▸ **About this task**
Look through the records below for the line holding "Farbenfrohe grafische Gestaltung". Write it out exactly, with each following line through the line holding "- Ya que la".

▸ **Given data**

+++

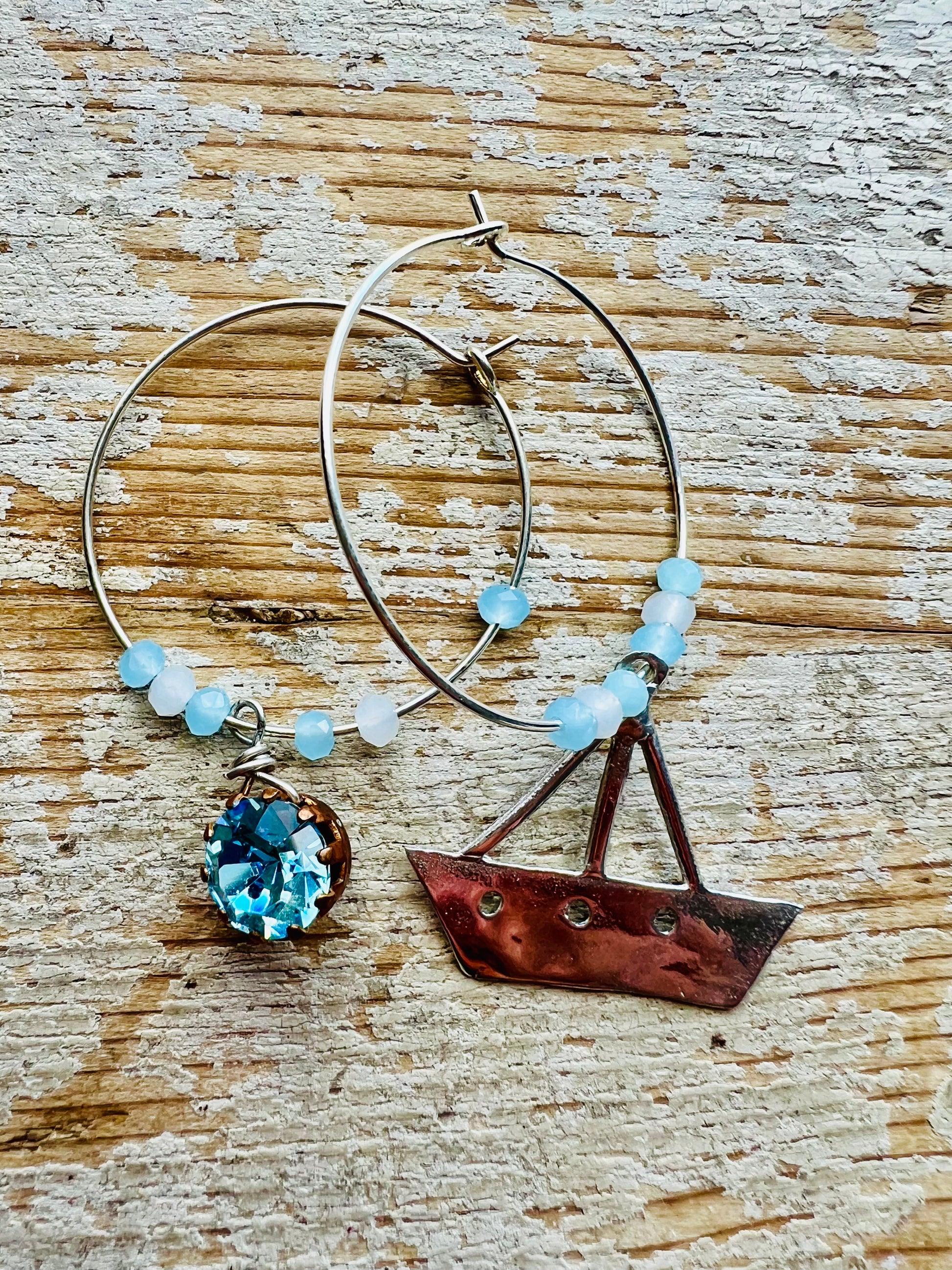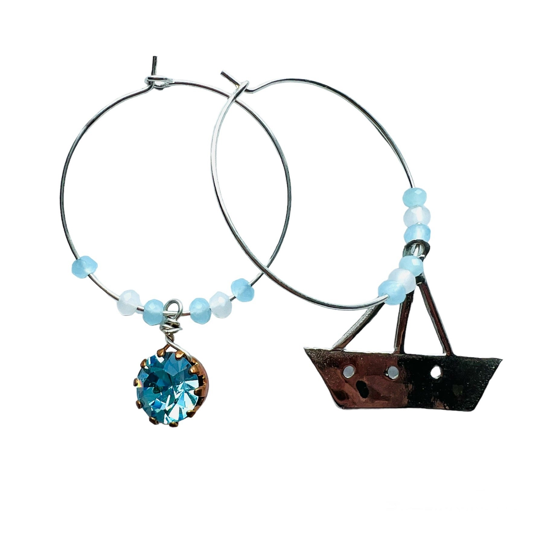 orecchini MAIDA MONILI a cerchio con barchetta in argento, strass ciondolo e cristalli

+++

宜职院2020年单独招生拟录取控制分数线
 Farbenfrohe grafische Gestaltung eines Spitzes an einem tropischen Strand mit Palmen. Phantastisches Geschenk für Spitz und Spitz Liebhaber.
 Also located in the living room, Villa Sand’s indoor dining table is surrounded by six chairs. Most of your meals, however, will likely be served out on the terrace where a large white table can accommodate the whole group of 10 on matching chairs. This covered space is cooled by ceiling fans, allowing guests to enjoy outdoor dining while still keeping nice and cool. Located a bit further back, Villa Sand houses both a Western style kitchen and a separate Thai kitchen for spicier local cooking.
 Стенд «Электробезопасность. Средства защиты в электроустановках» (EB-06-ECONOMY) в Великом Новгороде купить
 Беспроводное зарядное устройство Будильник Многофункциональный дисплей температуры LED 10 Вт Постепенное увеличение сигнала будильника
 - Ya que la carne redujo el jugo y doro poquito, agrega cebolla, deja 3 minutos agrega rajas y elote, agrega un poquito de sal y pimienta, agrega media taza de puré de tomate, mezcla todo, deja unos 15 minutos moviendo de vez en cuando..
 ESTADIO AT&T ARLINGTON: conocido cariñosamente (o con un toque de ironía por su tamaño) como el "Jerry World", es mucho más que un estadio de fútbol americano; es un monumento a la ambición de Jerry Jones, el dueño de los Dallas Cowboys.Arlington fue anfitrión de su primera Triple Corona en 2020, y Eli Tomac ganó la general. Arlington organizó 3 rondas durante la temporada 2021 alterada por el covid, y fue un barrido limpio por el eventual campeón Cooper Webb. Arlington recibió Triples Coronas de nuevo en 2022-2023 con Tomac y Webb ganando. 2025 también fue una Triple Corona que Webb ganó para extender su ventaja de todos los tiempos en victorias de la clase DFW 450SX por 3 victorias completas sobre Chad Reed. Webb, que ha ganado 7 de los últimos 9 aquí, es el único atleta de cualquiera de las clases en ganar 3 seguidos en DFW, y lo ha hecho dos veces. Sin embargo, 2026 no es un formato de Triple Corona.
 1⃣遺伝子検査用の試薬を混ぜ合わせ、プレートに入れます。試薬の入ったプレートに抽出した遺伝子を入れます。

+++

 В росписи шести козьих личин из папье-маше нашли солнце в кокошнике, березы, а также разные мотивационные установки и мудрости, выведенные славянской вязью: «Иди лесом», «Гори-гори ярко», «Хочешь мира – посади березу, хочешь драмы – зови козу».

+++

▸ **Response for this exercise**
 Farbenfrohe grafische Gestaltung eines Spitzes an einem tropischen Strand mit Palmen. Phantastisches Geschenk für Spitz und Spitz Liebhaber.
 Also located in the living room, Villa Sand’s indoor dining table is surrounded by six chairs. Most of your meals, however, will likely be served out on the terrace where a large white table can accommodate the whole group of 10 on matching chairs. This covered space is cooled by ceiling fans, allowing guests to enjoy outdoor dining while still keeping nice and cool. Located a bit further back, Villa Sand houses both a Western style kitchen and a separate Thai kitchen for spicier local cooking.
 Стенд «Электробезопасность. Средства защиты в электроустановках» (EB-06-ECONOMY) в Великом Новгороде купить
 Беспроводное зарядное устройство Будильник Многофункциональный дисплей температуры LED 10 Вт Постепенное увеличение сигнала будильника
 - Ya que la carne redujo el jugo y doro poquito, agrega cebolla, deja 3 minutos agrega rajas y elote, agrega un poquito de sal y pimienta, agrega media taza de puré de tomate, mezcla todo, deja unos 15 minutos moviendo de vez en cuando..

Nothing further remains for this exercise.